** Provided information follows **

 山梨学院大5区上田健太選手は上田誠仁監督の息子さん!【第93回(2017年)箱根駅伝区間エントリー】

** End of Provided information **
** Provided information follows **

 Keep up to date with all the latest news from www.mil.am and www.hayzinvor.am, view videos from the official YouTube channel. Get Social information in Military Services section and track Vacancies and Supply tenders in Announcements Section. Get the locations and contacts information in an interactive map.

** End of Provided information **
** Provided information follows **

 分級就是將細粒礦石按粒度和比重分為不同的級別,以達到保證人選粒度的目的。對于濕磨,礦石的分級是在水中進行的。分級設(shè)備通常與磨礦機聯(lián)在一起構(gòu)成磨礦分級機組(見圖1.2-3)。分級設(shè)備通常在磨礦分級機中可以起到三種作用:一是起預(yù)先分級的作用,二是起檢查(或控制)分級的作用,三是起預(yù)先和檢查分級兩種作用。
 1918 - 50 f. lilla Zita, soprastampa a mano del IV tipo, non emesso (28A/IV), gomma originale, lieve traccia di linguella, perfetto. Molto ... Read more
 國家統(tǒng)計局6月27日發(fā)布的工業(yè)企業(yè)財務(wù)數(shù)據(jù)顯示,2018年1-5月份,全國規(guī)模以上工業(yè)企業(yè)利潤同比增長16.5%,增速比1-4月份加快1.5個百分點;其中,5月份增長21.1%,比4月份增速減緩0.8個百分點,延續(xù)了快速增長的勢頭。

** End of Provided information **

Look above for the line with "分級就是將細粒礦石按粒度和比" and the line with "國家統(tǒng)計局6月2"; transcribe both and all lines in between, exactly, and nothing else.

_Completed exercise_
 分級就是將細粒礦石按粒度和比重分為不同的級別,以達到保證人選粒度的目的。對于濕磨,礦石的分級是在水中進行的。分級設(shè)備通常與磨礦機聯(lián)在一起構(gòu)成磨礦分級機組(見圖1.2-3)。分級設(shè)備通常在磨礦分級機中可以起到三種作用:一是起預(yù)先分級的作用,二是起檢查(或控制)分級的作用,三是起預(yù)先和檢查分級兩種作用。
 1918 - 50 f. lilla Zita, soprastampa a mano del IV tipo, non emesso (28A/IV), gomma originale, lieve traccia di linguella, perfetto. Molto ... Read more
 國家統(tǒng)計局6月27日發(fā)布的工業(yè)企業(yè)財務(wù)數(shù)據(jù)顯示,2018年1-5月份,全國規(guī)模以上工業(yè)企業(yè)利潤同比增長16.5%,增速比1-4月份加快1.5個百分點;其中,5月份增長21.1%,比4月份增速減緩0.8個百分點,延續(xù)了快速增長的勢頭。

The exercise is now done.